_Exercise_
Using the listing below, please print exactly the lines from the one with "Bildirək ki, nizamanmə" through the one with "BST-805? 產(chǎn)品類別: 螺絲批系列". Leave out every picture.

_Material to process_
○ ○ ○ ○
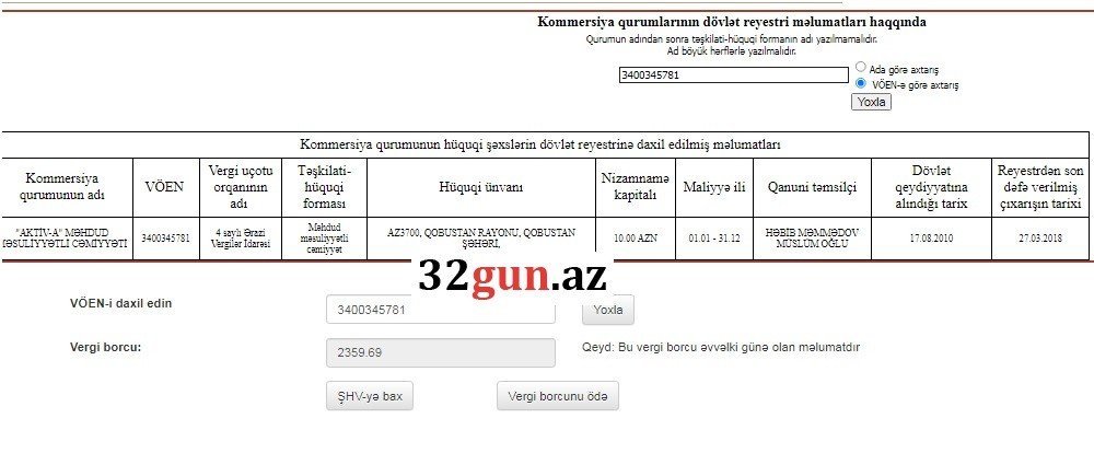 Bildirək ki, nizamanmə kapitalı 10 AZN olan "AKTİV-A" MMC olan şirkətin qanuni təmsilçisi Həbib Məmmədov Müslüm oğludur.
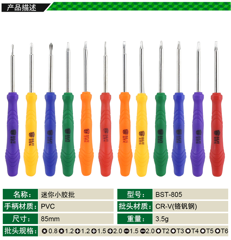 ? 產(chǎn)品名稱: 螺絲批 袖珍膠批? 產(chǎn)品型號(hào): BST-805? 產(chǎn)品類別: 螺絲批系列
○ ○ ○ ○
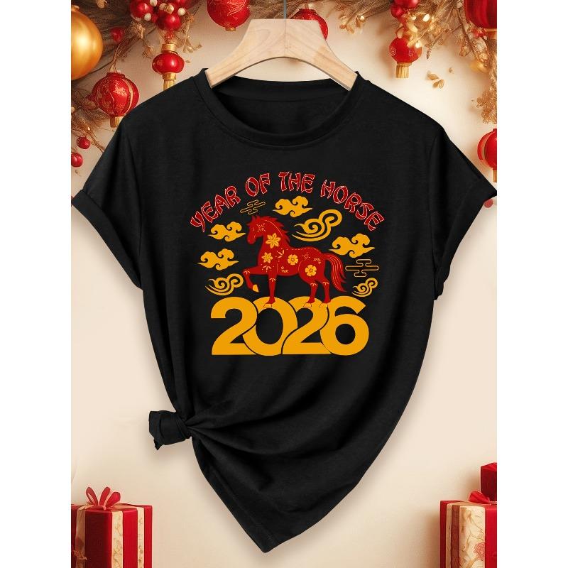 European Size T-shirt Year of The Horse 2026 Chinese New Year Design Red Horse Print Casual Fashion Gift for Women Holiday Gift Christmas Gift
○ ○ ○ ○
_Response to the task_
 Bildirək ki, nizamanmə kapitalı 10 AZN olan "AKTİV-A" MMC olan şirkətin qanuni təmsilçisi Həbib Məmmədov Müslüm oğludur.
 ? 產(chǎn)品名稱: 螺絲批 袖珍膠批? 產(chǎn)品型號(hào): BST-805? 產(chǎn)品類別: 螺絲批系列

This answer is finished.